Department of Pathology, Stanford University School of Medicine, Palo Alto, CA, USA.
Department of Pathology, Boston Children's Hospital and Harvard Medical School, Boston, MA, USA.
Histopathology. 2022 Mar;80(4):698-707. doi: 10.1111/his.14603. Epub 2022 Jan 2.
Recurrent alterations in receptor tyrosine kinase (RTK) and downstream effectors are described in infantile fibrosarcoma (IFS)/cellular congenital mesoblastic nephroma (cCMN) and a subset of spindle cell sarcomas, provisionally designated 'NTRK-rearranged' spindle cell neoplasms. These two groups of tumours demonstrate overlapping morphologies and harbour alterations in NTRK1/2/3, RET, MET, ABL1, ROS1, RAF1 and BRAF, although their relationship is not fully elucidated. We describe herein a cohort of paediatric tumours with clinicopathological features not typical for inflammatory myofibroblastic tumour, but rather with similarities to cCMN/IFS harbouring ALK fusions.
Clinicopathological features were assessed and partner agnostic targeted RNA sequencing on clinically validated platforms were performed. Tumours occurred in patients aged from 2 to 10 years (median age 2 years) with a 2:2 male to female ratio and an average size of 8.4 cm. Two tumours arose in soft tissues and two in the kidney. Morphological features included spindle to ovoid cells arranged in long fascicles or haphazardly within a myxoid to collagenised stroma; a subset of cases had either dilated, ectatic vessels or focal perivascular hyalinosis. By immunohistochemistry, all cases tested showed cytoplasmic expression of anaplastic lymphoma kinase (ALK) and one case demonstrated co-expression of CD34 and S100.

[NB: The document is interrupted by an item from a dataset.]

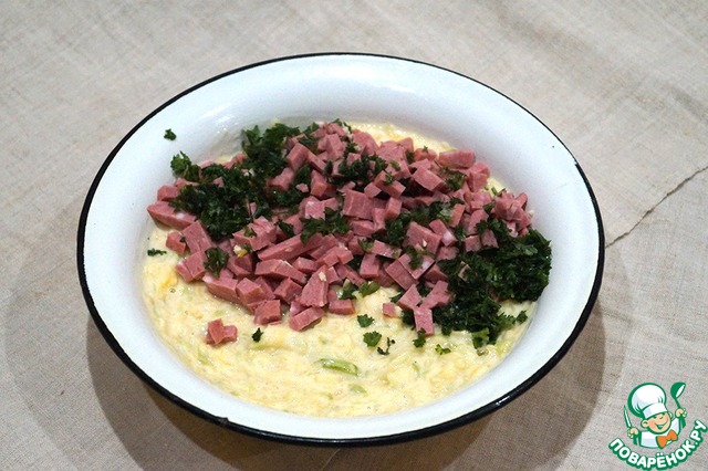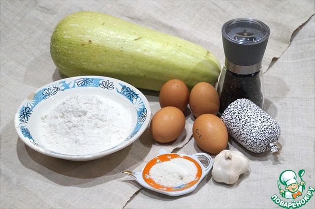 Ингредиенты для «Кексы из кабачков с колбасой»:

This series of ALK-rearranged IFS-like tumours expands the spectrum of targetable kinases altered in these tumours and reinforces the potential overlap between IFS/cCMN-like tumours and the provisional entity of 'NTRK-rearranged' spindle cell neoplasms.
受体酪氨酸激酶(RTK)及其下游效应物的反复改变在婴儿纤维肉瘤(IFS)/细胞先天性中胚层肾瘤(cCMN)和一部分梭形细胞肉瘤中被描述,这些肿瘤暂被命名为“NTRK 重排”梭形细胞肿瘤。这两组肿瘤具有重叠的形态学特征,并存在 NTRK1/2/3、RET、MET、ABL1、ROS1、RAF1 和 BRAF 的改变,尽管它们之间的关系尚未完全阐明。我们在此描述了一组儿科肿瘤,其临床病理特征与炎症性肌纤维母细胞瘤不典型,但与具有 ALK 融合的 cCMN/IFS 相似。
评估了临床病理特征,并在经过临床验证的平台上进行了无伴侣靶向 RNA 测序。肿瘤患者年龄为 2 至 10 岁(中位年龄 2 岁),男女比例为 2:2,平均大小为 8.4cm。两个肿瘤发生在软组织,两个发生在肾脏。形态学特征包括长束状或杂乱排列的梭形至卵圆形细胞,位于黏液样至胶原化基质中;一部分病例有扩张的、扩张的血管或局灶性血管周围玻璃样变性。通过免疫组织化学染色,所有检测的病例均显示细胞质表达间变性淋巴瘤激酶(ALK),一个病例显示 CD34 和 S100 的共表达。
这一系列 ALK 重排的 IFS 样肿瘤扩大了这些肿瘤中改变的靶向激酶谱,并强调了 IFS/cCMN 样肿瘤和“NTRK 重排”梭形细胞肿瘤这一暂定实体之间的潜在重叠。